St Menas was one of the few Egyptian martyrs with an international reputation. The original church built over his grave soon became too small to accommodate the number of pilgrims, and the Emperor Arcadius (395-408) built another, to which the saint's relics were transferred. Subsequent Roman emperors erected the Great Basilica, to which thousands of pilgrims made the pilgrimage from as far afield as England, France, Germany, Spain and Turkey. Cures were attributed to the therapeutic effects of the water which came from springs in the limestone rocks, which have since dried up. Baths were built beside the church after Constantine's only daughter, who suffered from leprosy, was reputedly healed there. The number of little flasks stamped with the saint's image and filled with healing water became an industry to cater to the needs of the worshippers and have been found around the world. Indeed, they are familiar objects in many museums.

The German team also found evidence that shops and workshops lined a colonnaded route leading to the Church of the Martyr, which was rebuilt during the reign of Justinian (528-565). As excavations progressed, it was possible to deduce that pilgrims gathered in a great square where a semi-circular structure may have been a resting place for the sick. Discoveries included a double Roman bath for men and women, two hospitals and a building which may have been used for church administrators. Surrounding the square were hostels on the north, where the monks took care of the sick, bath houses and wells. Surrounding the labyrinthine ruins were cells and refectories.

This great place of pilgrimage, so threatened today from another cause, was destroyed on three earlier occasions. The first was during the Persian invasion in 619 when countless Christian churches and shrines were ravaged along the northern coast. The second was in 628 when the Byzantine Emperor Heraclius overthrew the Persians and himself destroyed religious buildings belonging to the Egyptian Church (later the Coptic Orthodox Church) who did not adhere to the dogma as laid down at the Council of Chalcedon in 451; and the third was after the Arab conquest when, following the withdrawal of the Melkite Patriarch from Alexandria, the monastery of St Menas became subject to dispute between the Greek Orthodox and the Coptic Orthodox churches on the question of jurisdiction. By the eighth century, when the government decreed that the shrine belonged to the Coptic Orthodox Church, the site had been ravaged by Bedouins. Stones had been usurped, including valuable marble, for reuse elsewhere. Bedouin attacks continued for 30 years, and earthquakes added to the final devastation. Yet so great was the religious community that even as late as the year 1000 Al-Bakry described lights burning in the shrine of the saint night and day and "the beautiful water of St Menas that drives away pain."

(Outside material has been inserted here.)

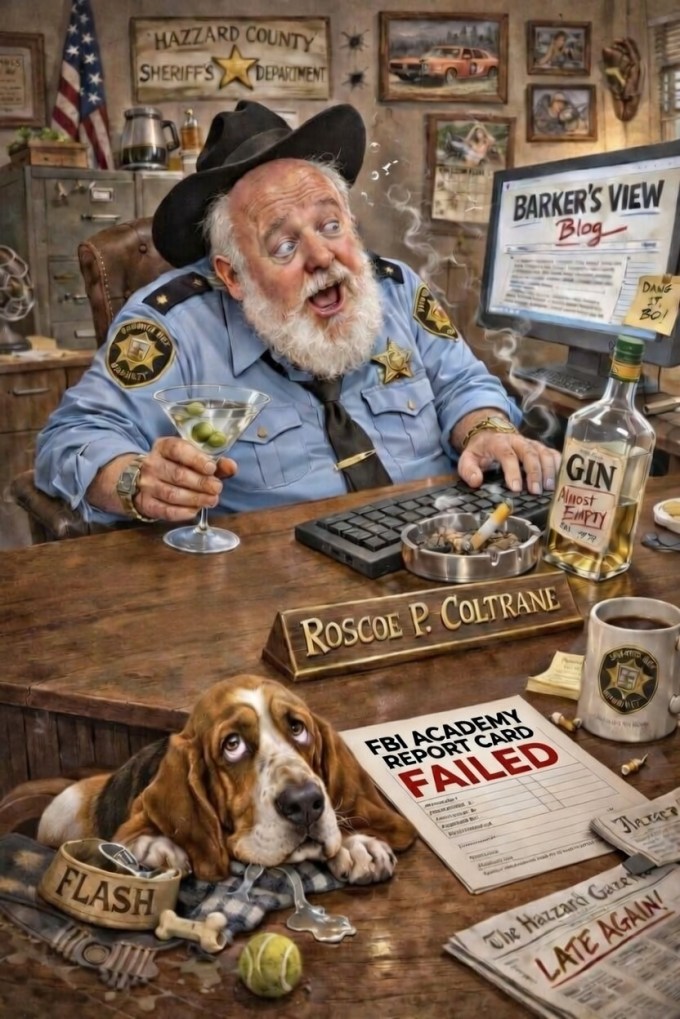 Looks about right to me! The “Hazzard County Sheriff’s Department” sign the “Barker’s View Blog” on the computer Flash the dog looking embarrassed at his owner’s work the failed FBI Academy report card the martini and gin bottle for inspiration and of course the nameplate “Roscoe P. Coltrane.”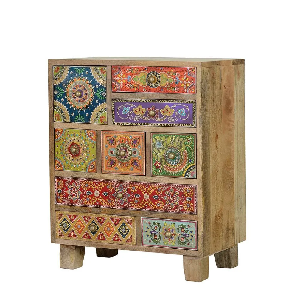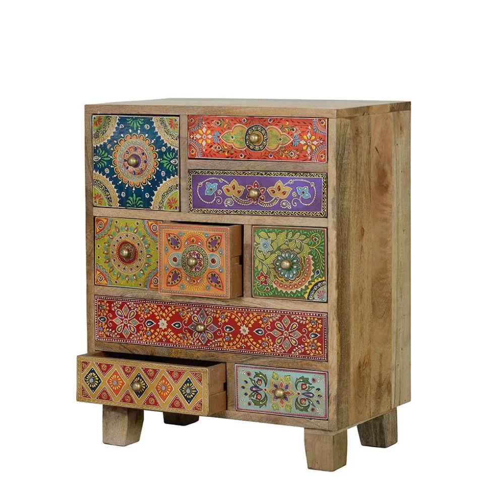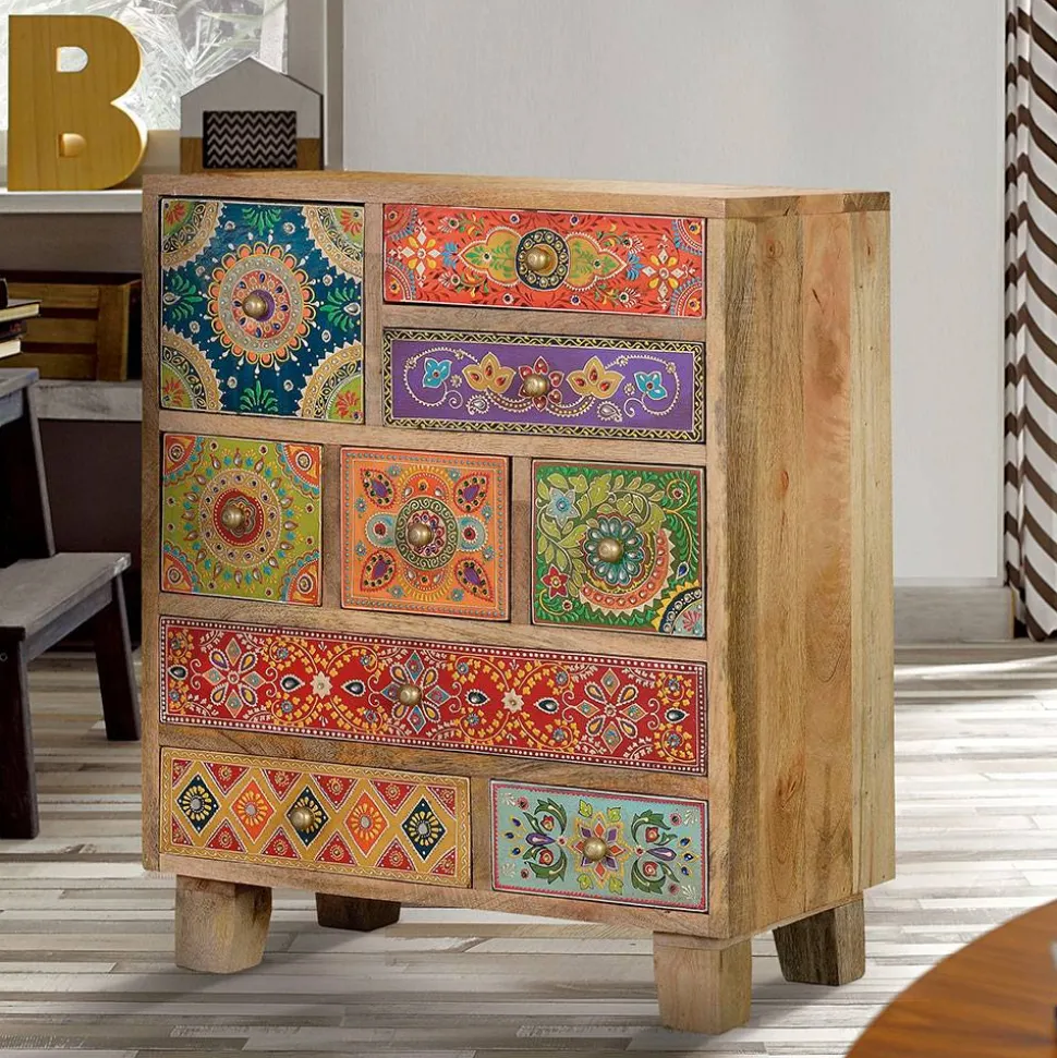 Mit der Kommode „Edro“ zieht ein echtes Unikat in Ihr Zuhause ein! Gefertigt aus massivem Mangoholz, beeindruckt dieses Möbelstück mit seiner charaktervollen Optik und verspielten Details. Die neun unterschiedlich gestalteten Schubladen setzen farbenfrohe Akzente und machen „Edro“ zum Blickfang in jedem Wohnbereich. Perfekt für ein gemütliches Boho-Ambiente, bringt diese Kommode Wärme, Individualität und praktische Funktion in Ihr Zuhause.

Apolytikion in the Plagal of the Fourth Tone
With great valour of soul, thou didst strive in martyrdom, and having fought the good fight, O divine Great Martyr Menas, thou from Heaven hast received the gift of miracles; for God hath shown thee to the world as a worker of great signs, and He made thee our protector and a swift help in afflictions and ever-vigilant defence from harm.

Kontakion in the Plagal of the Fourth Tone
As godly-minded athletes and Martyrs who strove for piety, the Church doth honour and glorify this day the godly contests and travails of Menas the prizewinner, noble Victor, brave Vincent, and valiant Stephanie, and lovingly doth cry out and glorify Christ, the Friend of man.